EXERCISE INSTRUCTIONS.
Quote word for word the lines below, beginning with the first and ending with the one that has "نوێترین ئامارەکانی کۆرۆنا لە هەرێمی کوردستان". Drop the pictures.

#### SOURCE DATA ####

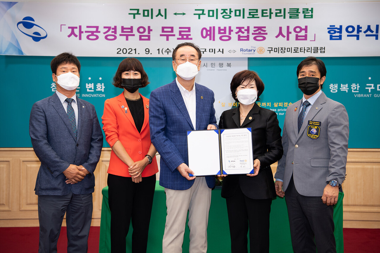 [구미=경북IT뉴스] 구미시는 지난 1일 시청 국제통상협력실에서 구미장미로타리클럽과 저소득 취약계층을 위한 자궁경부암 무료 예방접종 사업 협약을 맺었다.
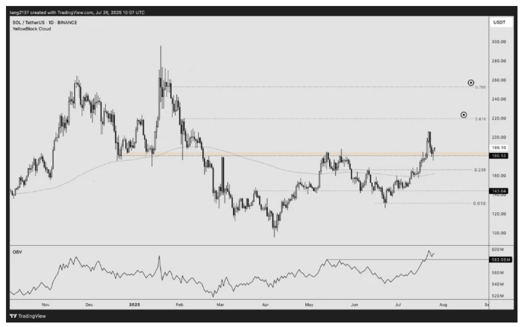 Der Solana-Preis beginnt die Woche mit einem sauberen Ausbruch über seine vorherige Konsolidierungszone, unterstützt durch steigendes Volumen und starke OBV (On-Balance Volume) Bestätigung. Die von Tang geteilte Grafik zeigt einen erfolgreichen Retest der Region von 180 bis 185 USD, die zuvor als Widerstand fungierte und jetzt anscheinend in Unterstützung umschlägt. Technisch gesehen räumt dieser Ausbruch auch das 0.236 Fib-Niveau des vorherigen makro Abwärtstrends frei, was die Bühne für eine potenzielle Trendfortsetzung bereitet.
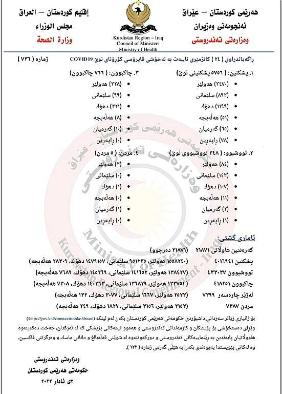 نوێترین ئامارەکانی کۆرۆنا لە هەرێمی کوردستان
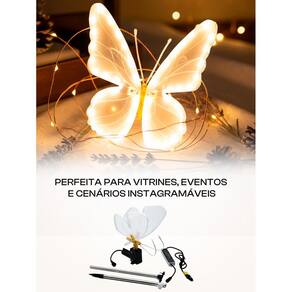 Movimento Suave e Realista: Asas com mecanismo lento e silencioso que simulam o voo, criando um efeito mágico e dinâmico na decoração. Decoração Impactante 40cm : Tamanho grande de 40cm de largura, ideal para ser o ponto focal em vitrines, fachadas, jardins e cenários de eventos. Luz Branca Quente Aconchegante: LEDs de alta luminosidade com tonalidade amarelada, perfeita para criar um ambiente acolhedor e elegante. Perfeita para Ocasiões Especiais: Indispensável para decoração Natalina, festas temáticas jardim, fadas , casamentos e eventos que exigem um toque Instagramável Fácil Instalação: Inclui haste de 65cm e base de apoio, permitindo fixação no chão, em vasos ou superfícies planas. Bivolt Automático: Funciona de forma segura em tomadas 110V e 220V, proporcionando total praticidade no uso. Material de Qualidade: Asas transparentes feitas de polipropileno resistente, garantindo durabilidade e um efeito de luz superior.
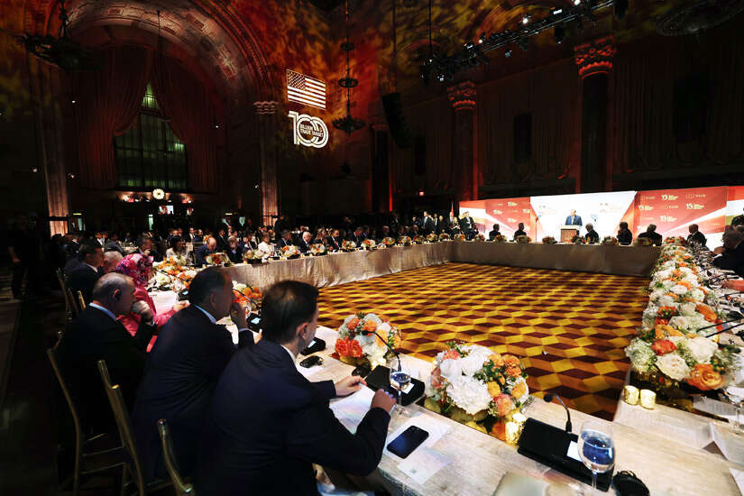 Birleşmiş Milletler (BM) 78. Genel Kurulu nedeniyle New York'ta bulunan Cumhurbaşkanı Recep Tayyip Erdoğan, Türk-Amerikan İş Konseyince (TAİK) düzenlenen yemekte iş dünyası temsilcileriyle bir araya geldi.
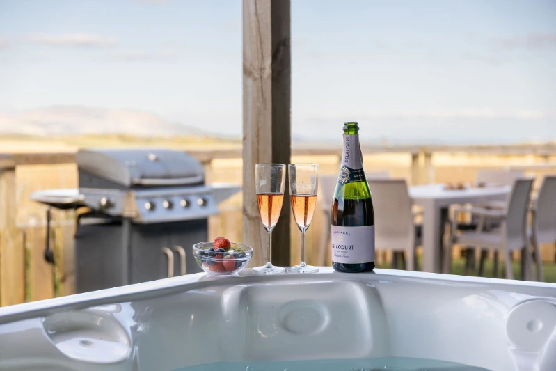 - Your own hot tub to soak away the stress as you take in the views.
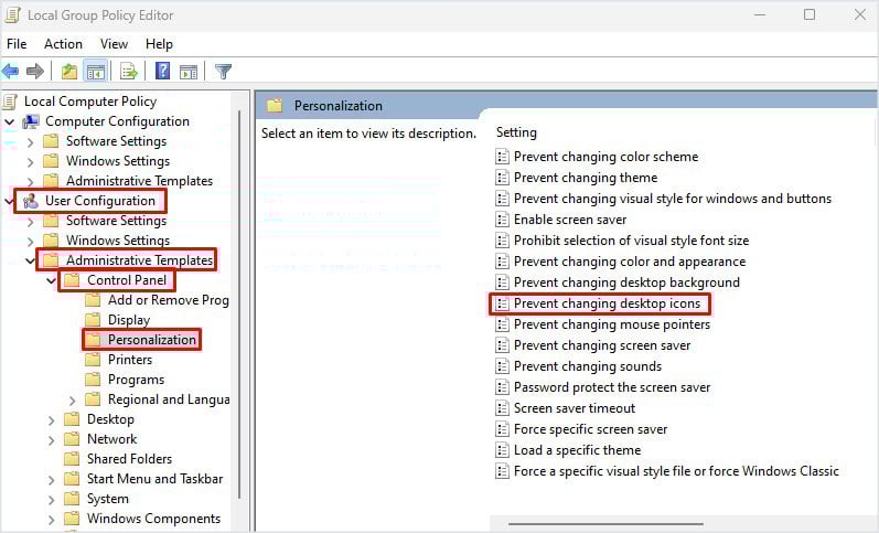 Pada panel kanan, navigasi ke Konfigurasi Pengguna > Templat Pentadbiran > Panel Kawalan > Pemperibadian. Pada panel kanan, klik dua kali pada Halang menukar ikon desktop.

####

OUTPUT.
 [구미=경북IT뉴스] 구미시는 지난 1일 시청 국제통상협력실에서 구미장미로타리클럽과 저소득 취약계층을 위한 자궁경부암 무료 예방접종 사업 협약을 맺었다.
 Der Solana-Preis beginnt die Woche mit einem sauberen Ausbruch über seine vorherige Konsolidierungszone, unterstützt durch steigendes Volumen und starke OBV (On-Balance Volume) Bestätigung. Die von Tang geteilte Grafik zeigt einen erfolgreichen Retest der Region von 180 bis 185 USD, die zuvor als Widerstand fungierte und jetzt anscheinend in Unterstützung umschlägt. Technisch gesehen räumt dieser Ausbruch auch das 0.236 Fib-Niveau des vorherigen makro Abwärtstrends frei, was die Bühne für eine potenzielle Trendfortsetzung bereitet.
 نوێترین ئامارەکانی کۆرۆنا لە هەرێمی کوردستان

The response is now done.